OmniZip: Learning a Unified and Lightweight Lossless Compressor for Multi-Modal Data
arXiv:2602.22286v1 Announce Type: new Abstract: Lossless compression is essential for efficient data storage and transmission. Although learning-based lossless compressors achieve strong results, most of them are designed for a single modality, leading to redundant compressor deployments in multi-modal settings. Designing a unified multi-modal compressor is critical yet challenging, as different data types vary largely in format, dimension, and statistics. Multi-modal large language models offer a promising resolution but remain too complex for practical use.
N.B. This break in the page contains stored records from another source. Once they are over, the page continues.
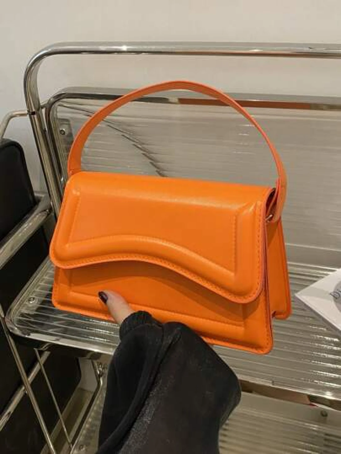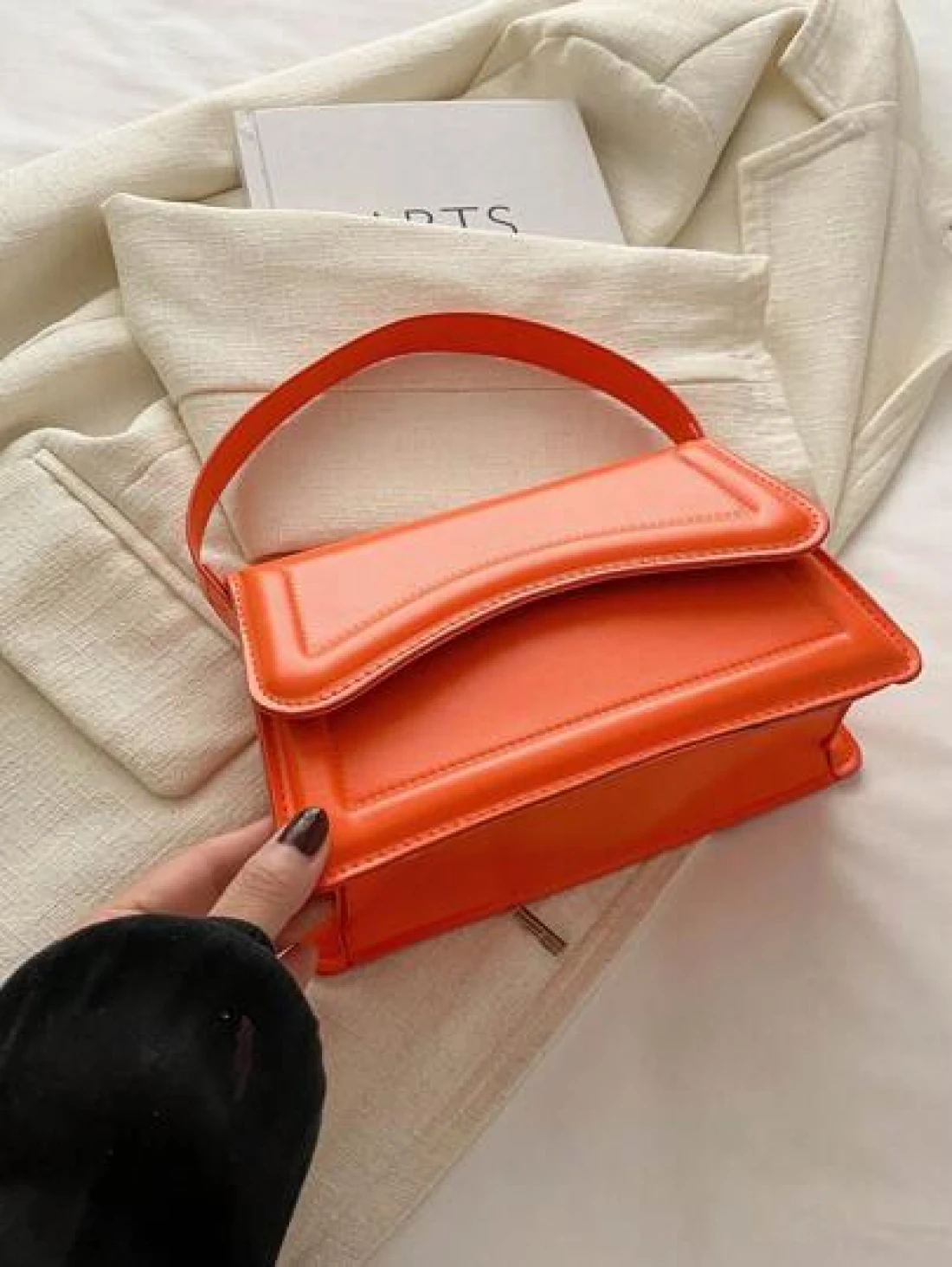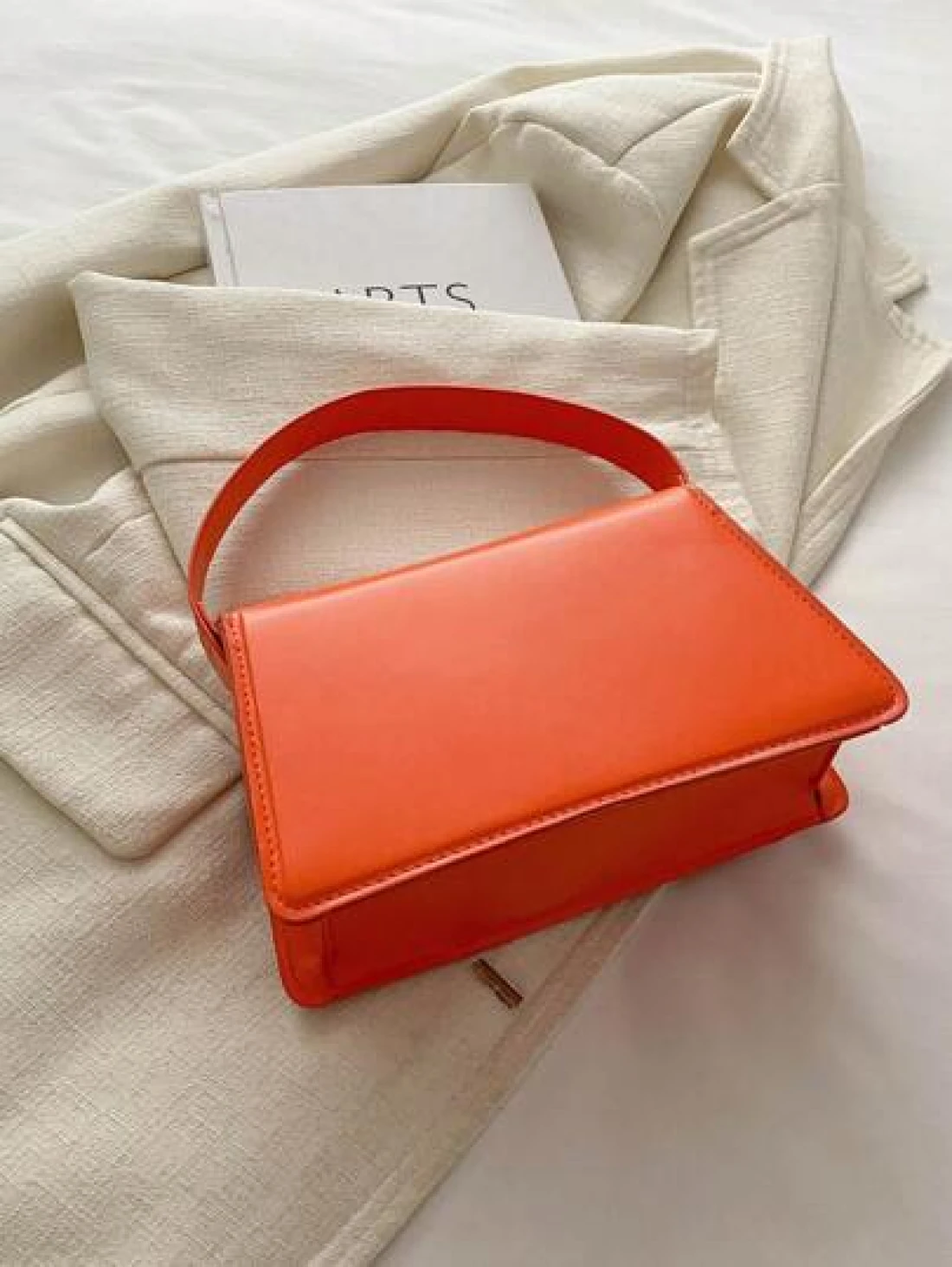 حقيبة مربعة صغيرة من الجلد الصناعي اللون البرتقالي للسيدات، حقيبة يد بسيطة وأنيقة للخروج، موضة متعددة الاستخ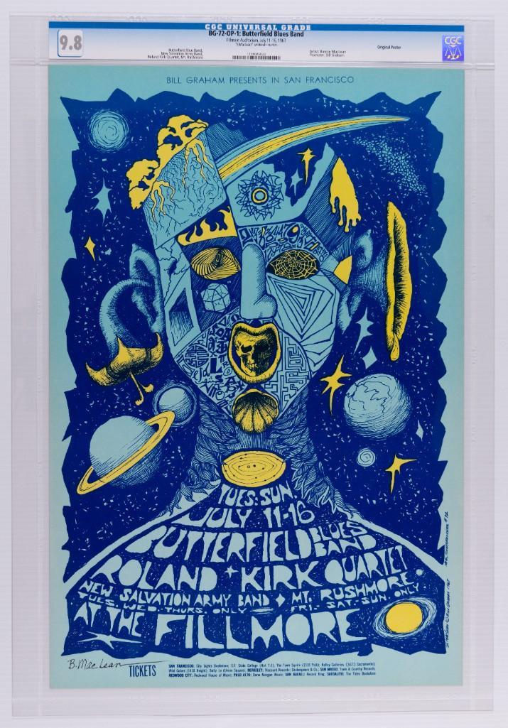 Yet another original Butterfield Blues Band Fillmore poster in this sale; this one by Bonnie Maclean! The Chicago Blues Band was joined at this appearance at the Fillmore by the Avant-Garde Jazz multi-instrumentalist Rahsaan Roland Kirk. This original first printing example is in perfect 9.8 Museum Quality condition!
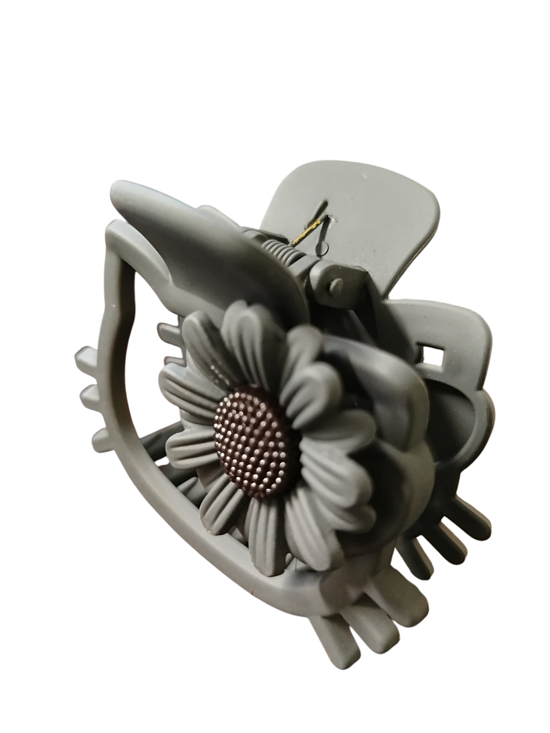 Κλάμερ Μαλλιών σε Σχήμα Hello Kitty με Διακόσμηση Μαργαρίτας – Γκρι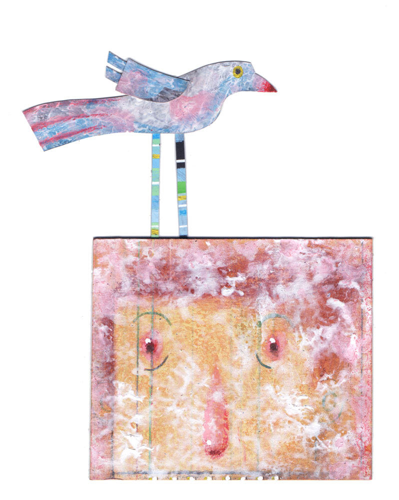 Pájaro en la cabeza, 2021, acrílico y collage sobre cartón, 27 x 21 cm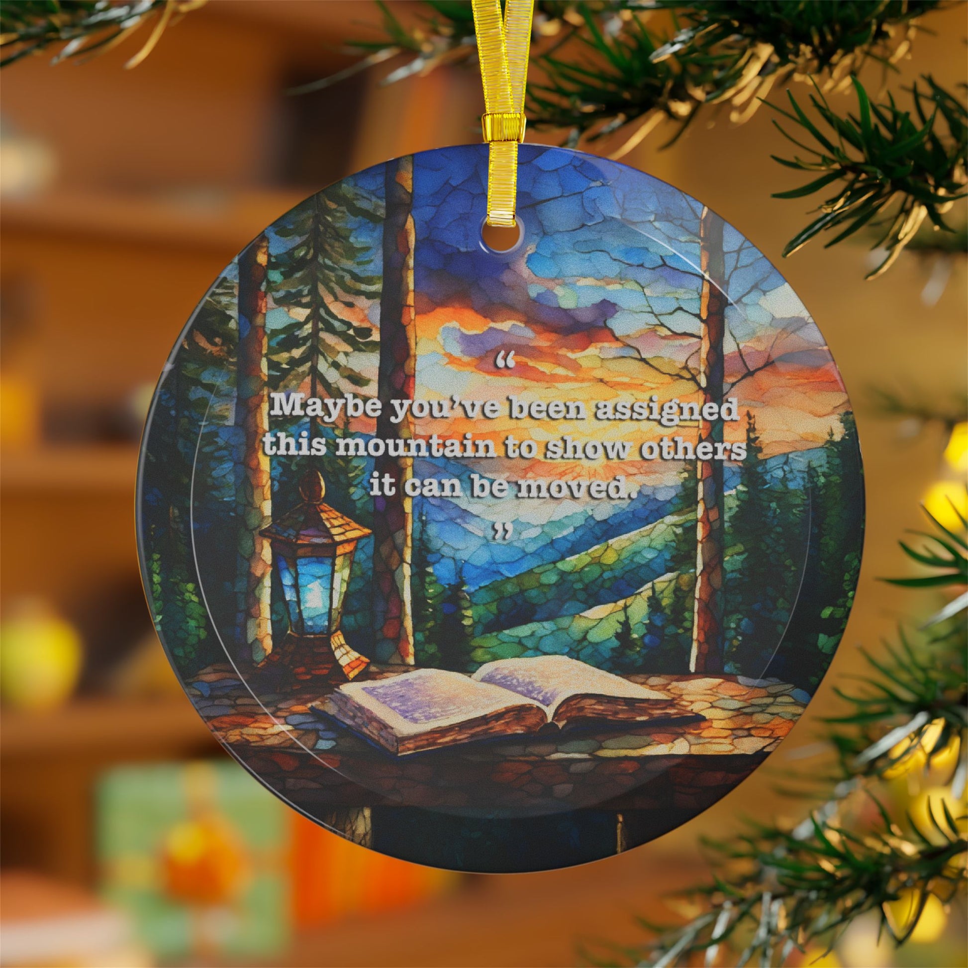 Glass Ornaments Mountain Scene Beveled Glass Ornament Light Catcher with Inspirational Quote Decorative Glass Art Holiday Ornaments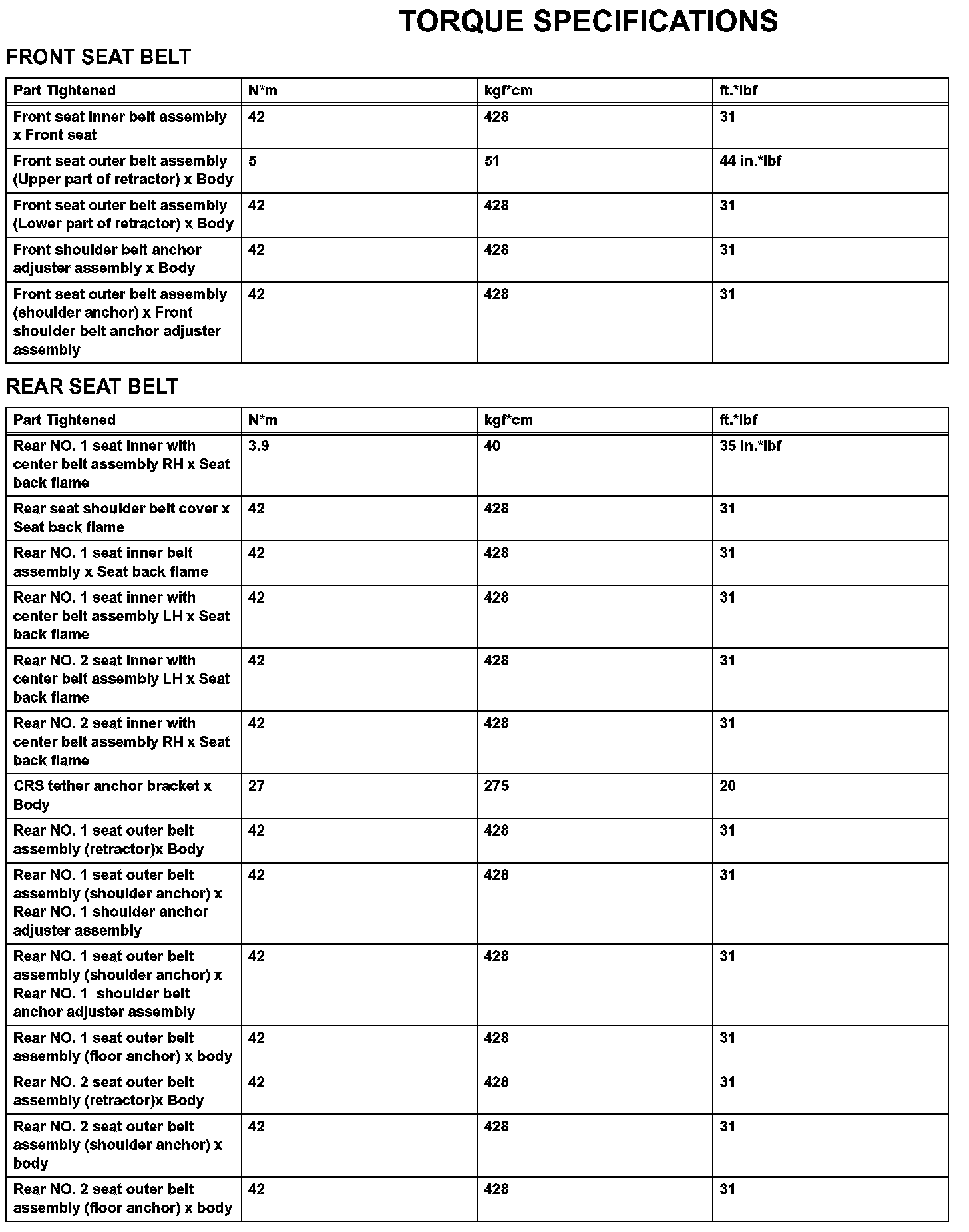 Seat Belt-Torque Specifications:

Thus, we propose \textbf{OmniZip}, \textbf{a unified and lightweight lossless compressor for multi-modal data (like image, text, speech, tactile, database, and gene sequence)}. Built on a lightweight backbone, OmniZip incorporates three key components to enable efficient multi-modal lossless compression: a modality-unified tokenizer that reversibly transforms diverse data into tokens, a modality-routing context learning mechanism
arXiv:2602.22286v1 Announce Type: new Abstract: Lossless compression is essential for efficient data storage and transmission. Although learning-based lossless compressors achieve strong results, most of them are designed for a single modality, leading to redundant compressor deployments in multi-modal settings. Designing a unified multi-modal compressor is critical yet challenging, as different data types vary largely in format, dimension, and statistics. Multi-modal large language models offer a promising resolution but remain too complex for practical use. Thus, we propose \textbf{OmniZip}, \textbf{a unified and lightweight lossless compressor for multi-modal data (like image, text, speech, tactile, database, and gene sequence)}. Built on a lightweight backbone, OmniZip incorporates three key components to enable efficient multi-modal lossless compression: a modality-unified tokenizer that reversibly transforms diverse data into tokens, a modality-routing context learning mechanism that enables flexible multi-modal context modeling, and a modality-routing feedforward design that further enhances the model's nonlinear representation flexibility. A reparameterization training strategy is used to enhance model capacity. OmniZip outperforms or matches other state-of-the-art compressors on multiple modalities, achieving 42\%, 57\%, 62\% and 42\%, 53\% higher compression efficiency than gzip on CLIC-M, TouchandGo, enwik9, LibriSpeech, and WikiSQL datasets, respectively. It also supports near real-time inference on resource-constrained edge devices, reaching about 1MB/s on MacBook CPUs and iPhone NPUs. Our code is released at https://github.com/adminasmi/OmniZip-CVPR2026.
Executive Summary
This article proposes OmniZip, a unified and lightweight lossless compressor for multi-modal data that achieves state-of-the-art results in various modalities while supporting near real-time inference on resource-constrained edge devices. OmniZip incorporates three key components: a modality-unified tokenizer, a modality-routing context learning mechanism, and a modality-routing feedforward design. The model outperforms or matches other state-of-the-art compressors on multiple modalities, including image, text, speech, tactile, database, and gene sequence. The authors' use of a reparameterization training strategy enhances the model's capacity, enabling efficient compression and inference.
Key Points
- ▸ OmniZip is a unified and lightweight lossless compressor for multi-modal data.
- ▸ The model incorporates three key components: a modality-unified tokenizer, a modality-routing context learning mechanism, and a modality-routing feedforward design.
- ▸ OmniZip outperforms or matches other state-of-the-art compressors on multiple modalities.
Merits
Scalability
OmniZip's unified architecture enables efficient compression of diverse multi-modal data, making it a scalable solution for various applications.
Practicality
The model's ability to support near real-time inference on resource-constrained edge devices makes it a practical solution for real-world applications.
Flexibility
OmniZip's modality-routing design allows for flexible adaptation to different modalities and applications, increasing its flexibility and versatility.
Demerits
Complexity
The model's architecture may be complex and difficult to interpret, which could hinder its adoption and maintenance in certain applications.
Resource Requirements
While OmniZip supports inference on resource-constrained devices, its training requirements may still be computationally intensive and resource-hungry.
Expert Commentary
The proposal of OmniZip is a significant advancement in the field of data compression, as it provides a unified and lightweight solution for multi-modal data. While the model's architecture may be complex, its scalability and practicality make it an attractive solution for various applications. However, further research is needed to explore the model's limitations and potential biases. The implications of OmniZip are far-reaching, with potential applications in edge AI, IoT, and data management. As the field of deep learning for data compression continues to evolve, OmniZip is an important milestone that will likely shape the future of data storage and management.
Recommendations
- ✓ Further research is needed to explore the model's limitations and potential biases, as well as to develop more efficient training and inference strategies.
- ✓ The authors should provide more detailed analysis and evaluation of the model's performance on various datasets and applications, including a comparison with other state-of-the-art compressors.